To do ::
Where the records below begin, start copying, and stop after the line that contains "Верстак комплектуется полкой-стенкой, расположенной"; reproduce every line exactly but omit pictures.

━━━━━━━━━━━━━━━━━━━━

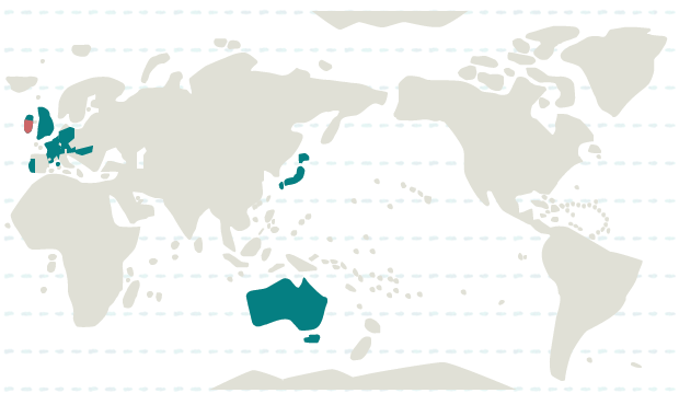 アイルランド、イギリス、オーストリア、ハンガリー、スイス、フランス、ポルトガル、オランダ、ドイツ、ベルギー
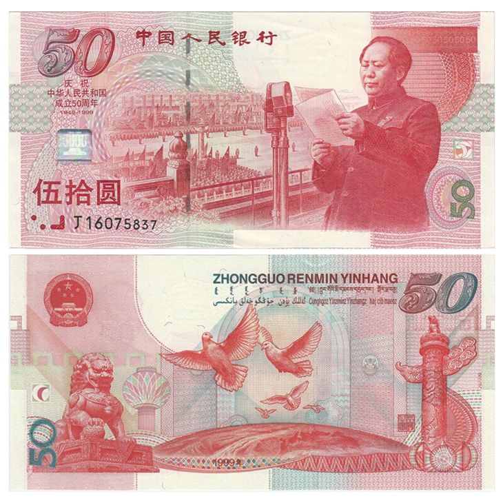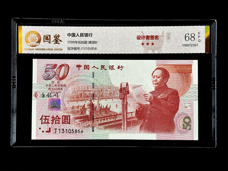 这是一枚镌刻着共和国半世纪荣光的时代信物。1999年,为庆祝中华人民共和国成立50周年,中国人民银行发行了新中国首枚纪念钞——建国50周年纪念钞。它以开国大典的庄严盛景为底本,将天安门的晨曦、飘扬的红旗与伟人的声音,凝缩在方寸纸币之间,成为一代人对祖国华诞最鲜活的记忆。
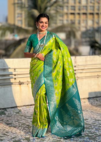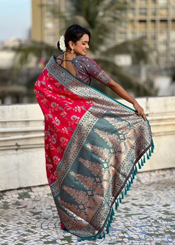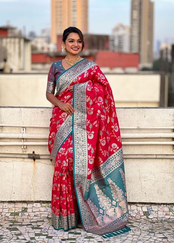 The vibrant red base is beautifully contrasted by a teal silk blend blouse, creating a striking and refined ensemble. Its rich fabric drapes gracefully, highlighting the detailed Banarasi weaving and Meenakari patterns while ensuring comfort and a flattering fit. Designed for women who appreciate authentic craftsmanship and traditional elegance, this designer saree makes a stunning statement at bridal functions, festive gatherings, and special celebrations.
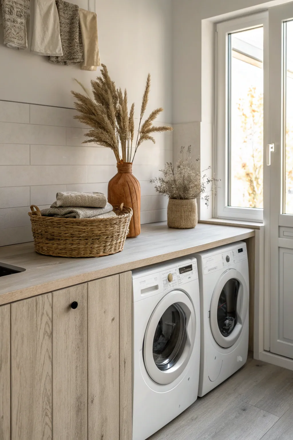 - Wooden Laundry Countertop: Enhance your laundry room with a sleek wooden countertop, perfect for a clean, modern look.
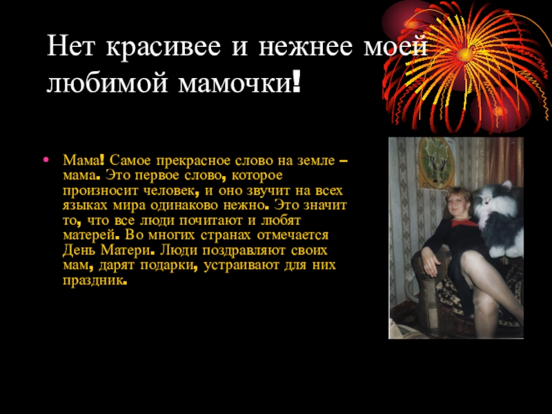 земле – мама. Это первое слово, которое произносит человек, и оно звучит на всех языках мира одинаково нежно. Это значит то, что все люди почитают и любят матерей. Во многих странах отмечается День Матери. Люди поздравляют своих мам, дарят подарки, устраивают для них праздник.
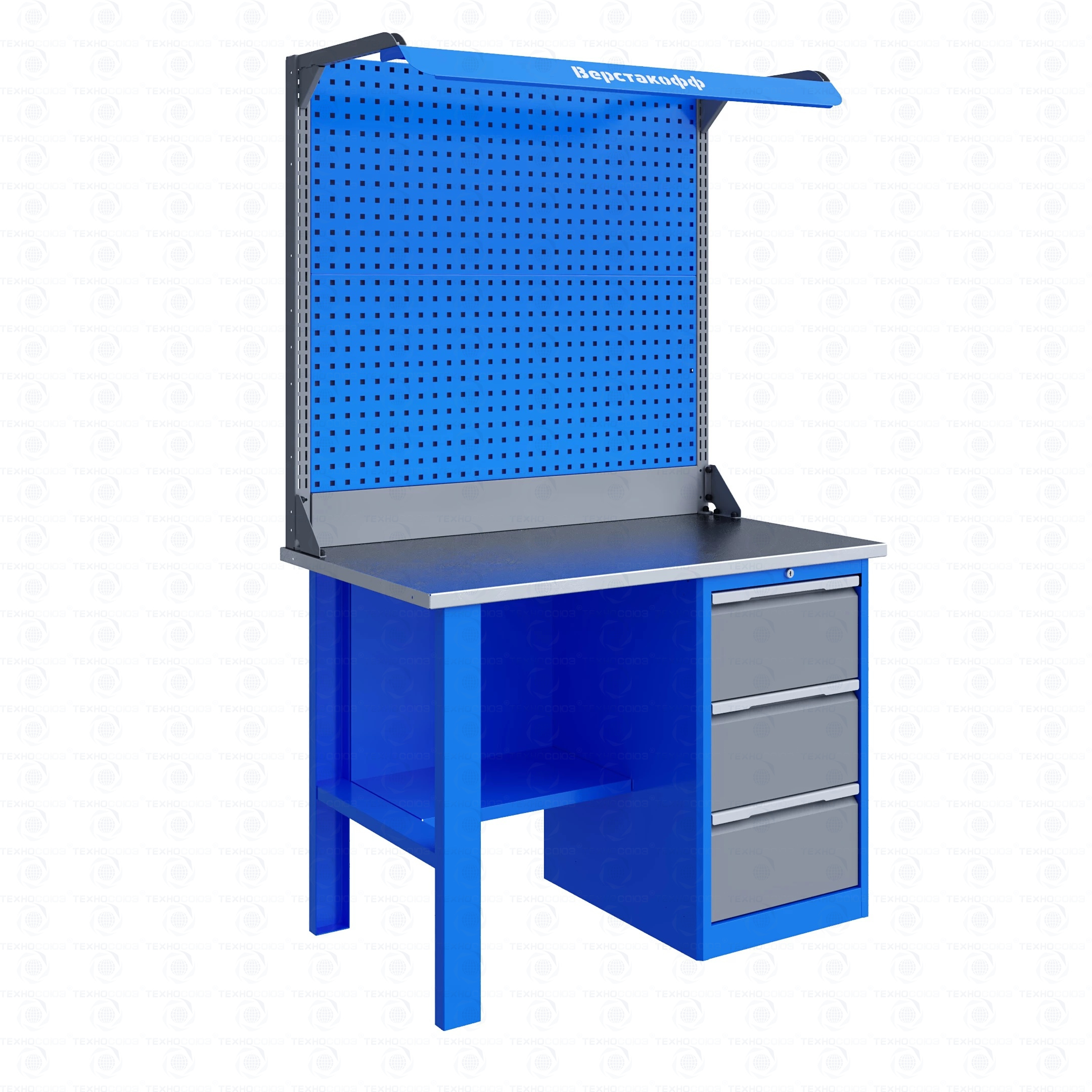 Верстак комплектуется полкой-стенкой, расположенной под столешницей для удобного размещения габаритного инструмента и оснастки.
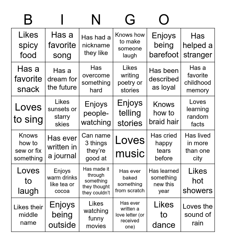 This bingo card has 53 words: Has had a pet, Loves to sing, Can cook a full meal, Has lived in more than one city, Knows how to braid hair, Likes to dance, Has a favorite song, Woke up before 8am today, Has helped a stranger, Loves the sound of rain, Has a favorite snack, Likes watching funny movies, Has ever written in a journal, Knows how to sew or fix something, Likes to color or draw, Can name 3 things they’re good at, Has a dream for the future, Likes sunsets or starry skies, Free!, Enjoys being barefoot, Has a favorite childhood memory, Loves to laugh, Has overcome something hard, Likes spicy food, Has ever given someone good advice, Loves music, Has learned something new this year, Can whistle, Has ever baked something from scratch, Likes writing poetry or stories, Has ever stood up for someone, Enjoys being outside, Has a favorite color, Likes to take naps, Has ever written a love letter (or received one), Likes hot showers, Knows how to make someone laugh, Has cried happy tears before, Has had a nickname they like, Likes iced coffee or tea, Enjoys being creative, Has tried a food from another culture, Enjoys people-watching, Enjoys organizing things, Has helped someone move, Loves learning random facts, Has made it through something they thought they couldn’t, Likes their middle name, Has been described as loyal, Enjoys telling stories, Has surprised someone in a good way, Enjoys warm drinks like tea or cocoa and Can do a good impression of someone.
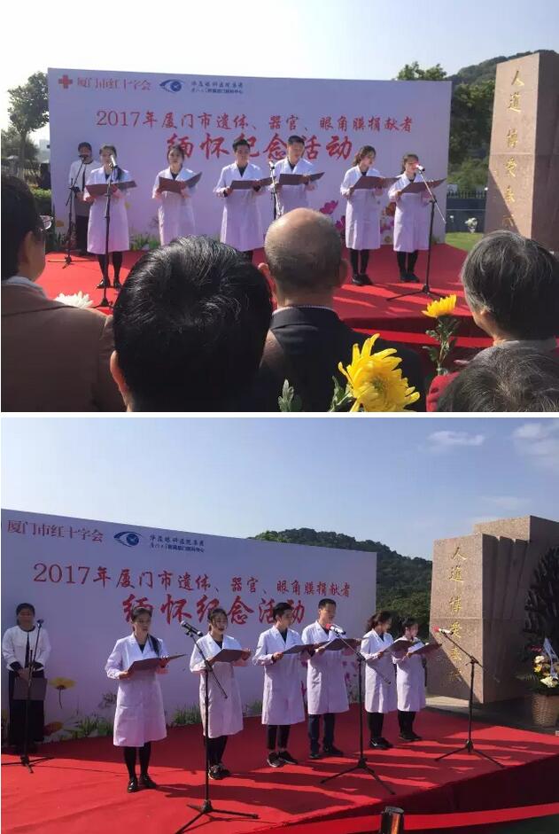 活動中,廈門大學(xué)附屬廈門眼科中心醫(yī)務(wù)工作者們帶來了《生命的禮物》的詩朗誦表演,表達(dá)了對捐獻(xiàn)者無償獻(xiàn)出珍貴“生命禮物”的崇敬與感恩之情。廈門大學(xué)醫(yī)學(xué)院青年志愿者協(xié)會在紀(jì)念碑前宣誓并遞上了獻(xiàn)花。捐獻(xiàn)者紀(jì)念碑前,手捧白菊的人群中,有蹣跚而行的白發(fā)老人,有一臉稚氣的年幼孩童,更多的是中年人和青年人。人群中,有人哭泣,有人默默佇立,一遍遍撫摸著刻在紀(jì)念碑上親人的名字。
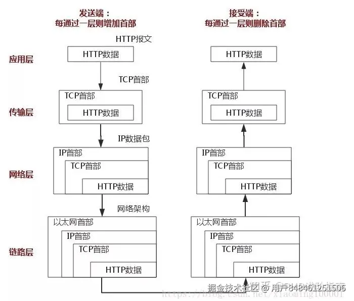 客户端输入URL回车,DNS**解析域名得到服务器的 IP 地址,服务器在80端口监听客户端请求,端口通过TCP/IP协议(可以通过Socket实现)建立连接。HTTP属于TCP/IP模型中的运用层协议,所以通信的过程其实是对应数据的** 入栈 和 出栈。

━━━━━━━━━━━━━━━━━━━━

The answer ::
 アイルランド、イギリス、オーストリア、ハンガリー、スイス、フランス、ポルトガル、オランダ、ドイツ、ベルギー
 这是一枚镌刻着共和国半世纪荣光的时代信物。1999年,为庆祝中华人民共和国成立50周年,中国人民银行发行了新中国首枚纪念钞——建国50周年纪念钞。它以开国大典的庄严盛景为底本,将天安门的晨曦、飘扬的红旗与伟人的声音,凝缩在方寸纸币之间,成为一代人对祖国华诞最鲜活的记忆。
 The vibrant red base is beautifully contrasted by a teal silk blend blouse, creating a striking and refined ensemble. Its rich fabric drapes gracefully, highlighting the detailed Banarasi weaving and Meenakari patterns while ensuring comfort and a flattering fit. Designed for women who appreciate authentic craftsmanship and traditional elegance, this designer saree makes a stunning statement at bridal functions, festive gatherings, and special celebrations.
 - Wooden Laundry Countertop: Enhance your laundry room with a sleek wooden countertop, perfect for a clean, modern look.
 земле – мама. Это первое слово, которое произносит человек, и оно звучит на всех языках мира одинаково нежно. Это значит то, что все люди почитают и любят матерей. Во многих странах отмечается День Матери. Люди поздравляют своих мам, дарят подарки, устраивают для них праздник.
 Верстак комплектуется полкой-стенкой, расположенной под столешницей для удобного размещения габаритного инструмента и оснастки.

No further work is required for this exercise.